Cuando nació mi bebé, tenía cajas preparadas
con ropa tejida, lana o algodón y mantas hechas por mi Madre, sus hermanas y
mis Abuelas. Eso que se dice que los niños cuando nacen traen un pan bajo el brazo,
mi pobre bebé trajo deudas.
No encontramos otra opción que pagaran los
Abuelos encantados. Nosotros humillados. En mi primer salida sola encontré una toalla
blanca con bordecitos rojos y la capucha con gatos bordados a mano. Cuando
terminaba de bañarlo lo envolvía en esa toalla y lo depositaba en el moisés. Él
amaba los gatitos de la capucha y cuando la quitaba, no paraba de llorar. Eran
bastantes molestos sus berrinches y terminó usada de sábana.
El bebé creció y la toalla fue descartada y
odiada por mí. La escondí para no verla más. Tenía celos de ese trapo. Un día
haciendo limpieza, la encontré y la transformé. Se fue deshilachando, alguna
vez la remendaba, luego me cansé y dejé que el tiempo hiciera lo que quisiera.

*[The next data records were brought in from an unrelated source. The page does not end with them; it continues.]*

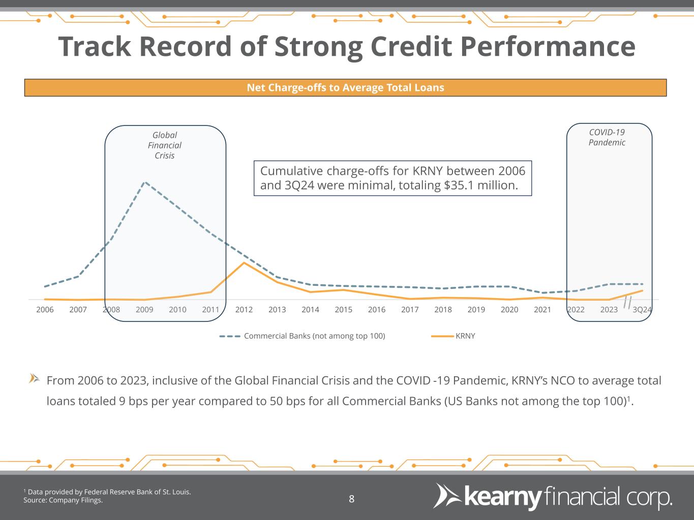 7 Conservative Underwriting Culture Comprehensive CRE / Multifamily Underwriting Highly disciplined LTV and DSCR standards Interest rates stressed a minimum of +300bps at origination DSCR based on in-place rents, not projections, with conservative allowances for vacancy NOI underwritten to include forecasted expense increases and full taxes (where a tax abatement exists) Approval Authority & Underwriting Consistency Lending authority aggregated by borrower/group of related borrowers Technology ensures consistent and efficient underwriting and risk rating process Multi-faceted Loan Review & Stress Testing Semi-annual third-party loan-level stress testing and annual capital-based stress testing Quarterly third-party portfolio loan review with 65% of total portfolio reviewed on an annual basis Annual internal loan reviews on all commercial loans with balances of $2.5 million or greater Proactive Workout Process Dedicated team of portfolio managers and loan workout specialists Weekly meetings comprised of loan officers, credit personnel and special assets group to pre-emptively address delinquencies or problem credits Philosophy of aggressively addressing impaired assets in a timely fashion Senior Credit Officer Approval Management Loan Committee Approval Board Loan Committee Approval
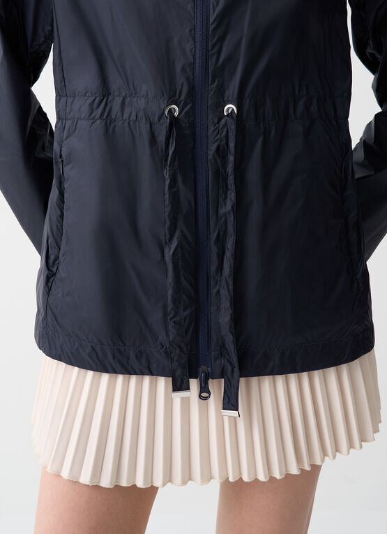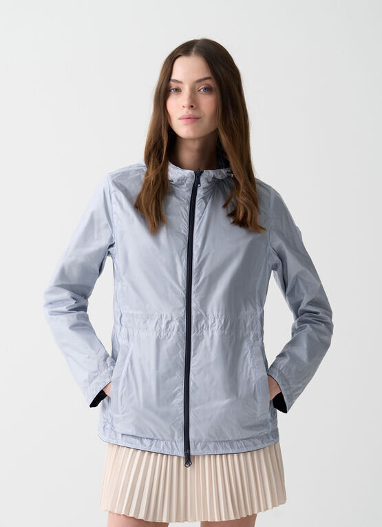 Giacca reversibile da donna con cappuccio, realizzata in tessuto 100% riciclato super leggero e idrorepellente. Due capi in uno da poter abbinare al meglio al proprio outfit in base al colore che si preferisce. La coulisse in vita permette di regolarne l'ampiezza e rende questo capo molto femminile.
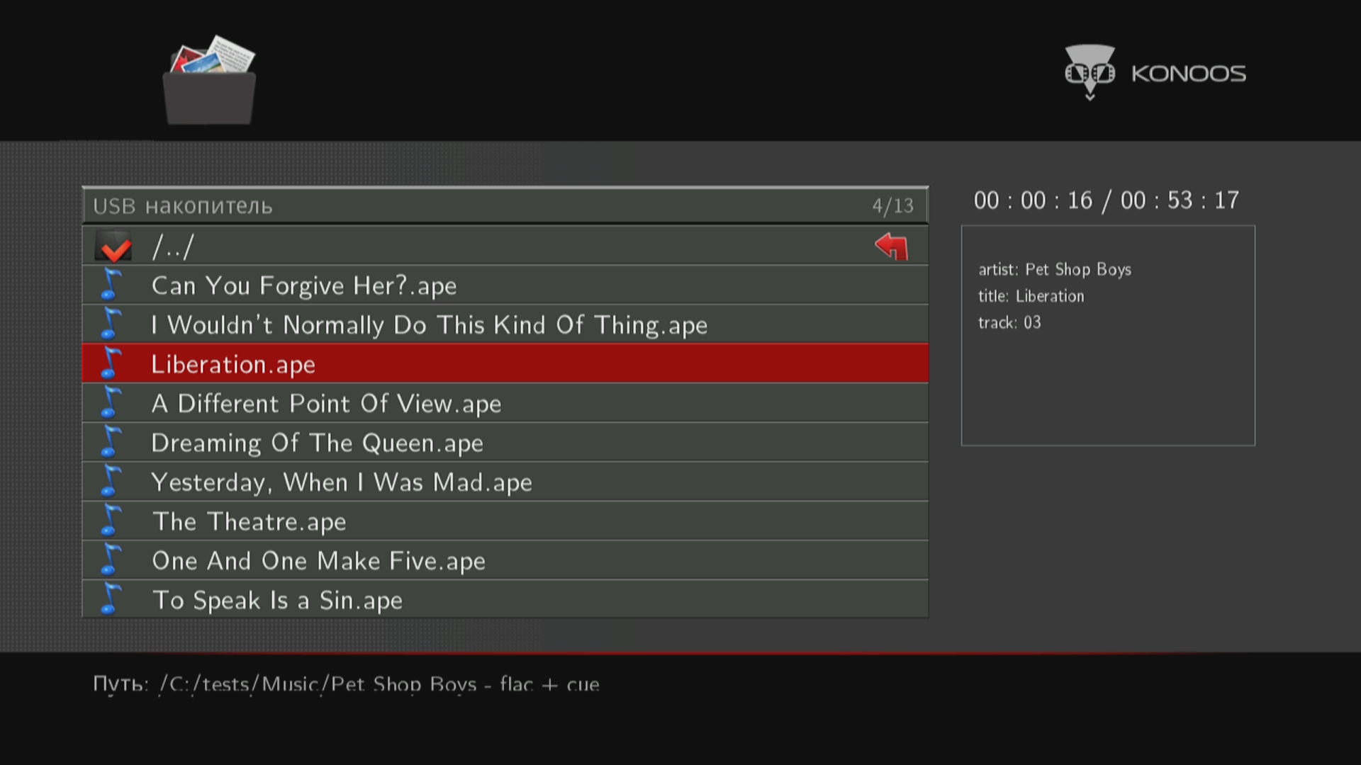 При воспроизведении музыки на экране отображается список файлов в плей-листе, имя текущей композиции и время её проигрывания. Как и было указано в таблице спецификаций, плеер умеет проигрывать lossless-аудио; список воспроизведения в формате *.CUE корректно поддерживается.
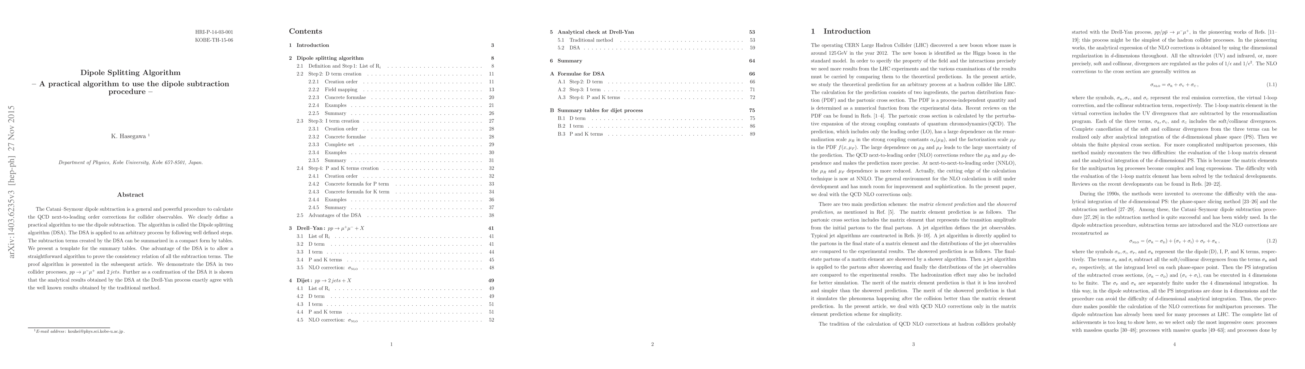 A new algorithm called Dipole Splitting Algorithm (DSA) is introduced to calculate QCD corrections for collider observables, offering a practical and consistent method for subtraction terms.
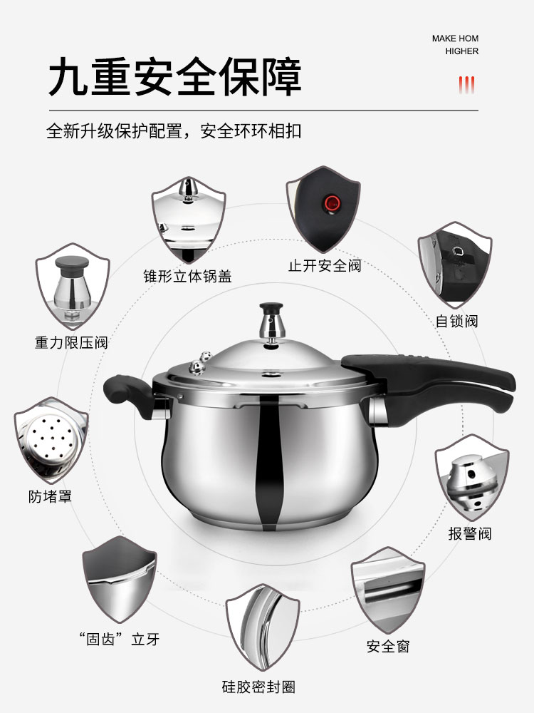 Zhongbao 304 stainless steel pressure cooker Household gas explosion-proof small pressure cooker thickened induction cooker universal
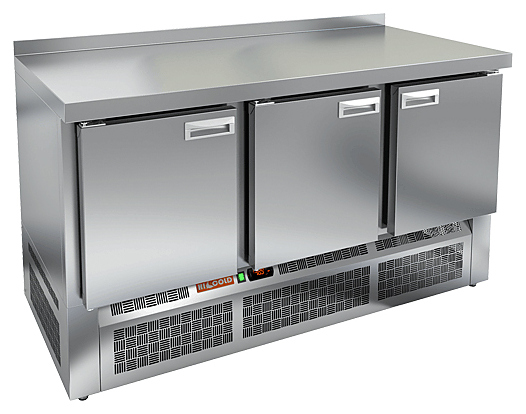 Стол холодильный с нижним расположением агрегата изготовлен из нержавеющей стали. Три распашные двери и столешница из камня.
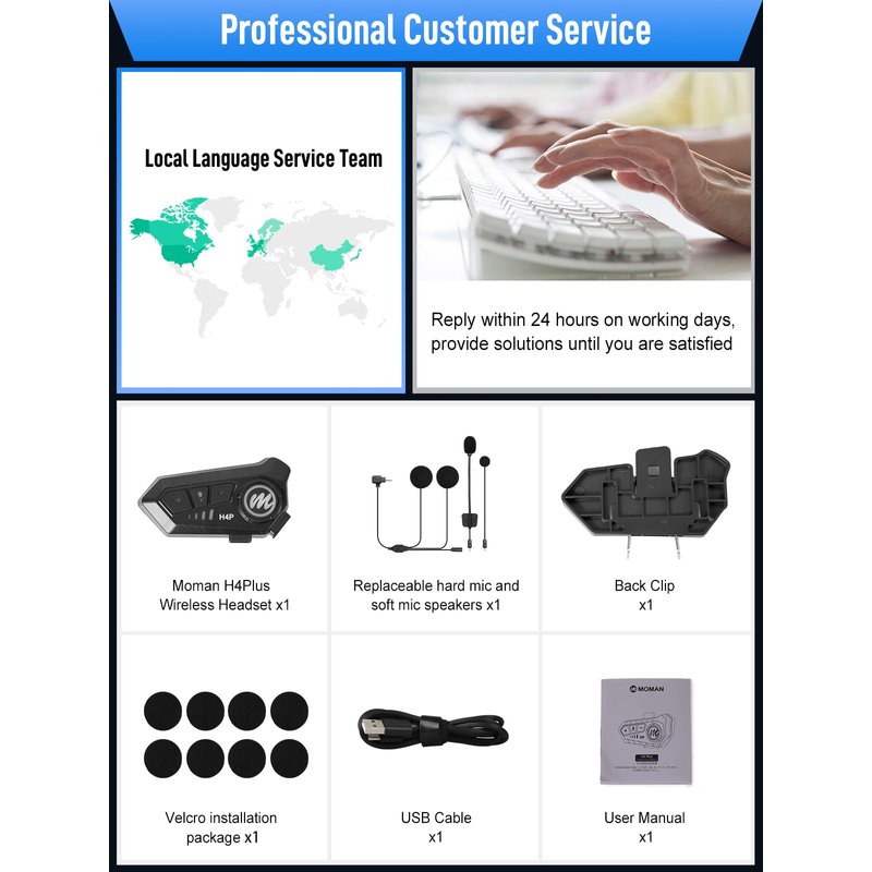 - 【1000mAh large battery & Type-C charging】Built-in an 1000mAh battery, Moman H4 Plus supports 32 hour continuous working and 360 hour stand-by on a single charge. You could have audio, data transfer and charging via one Type-C port on intercom, avoiding messy cables connection.
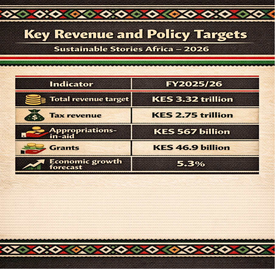 The Act targets KES 3.32 trillion in revenue for FY2025/26, anchored by KES 2.75 trillion in tax revenues, alongside appropriations-in-aid and grants.

Cuando mi hijo cumplió 36 años, la toalla era una guedeja. La puse en el
lavarropas y luego del secarropas la planché.
Quedó perfecta, hice trencitas a las
guedejas y reparé a los gatitos bordados. La usaba como cuello de cualquier
vestido. Muchas veces dormí con el vestido puesto, no me podía separar.
El día que hicimos un asado se me quemó. La
hice un bollo y la tiré a la mierda.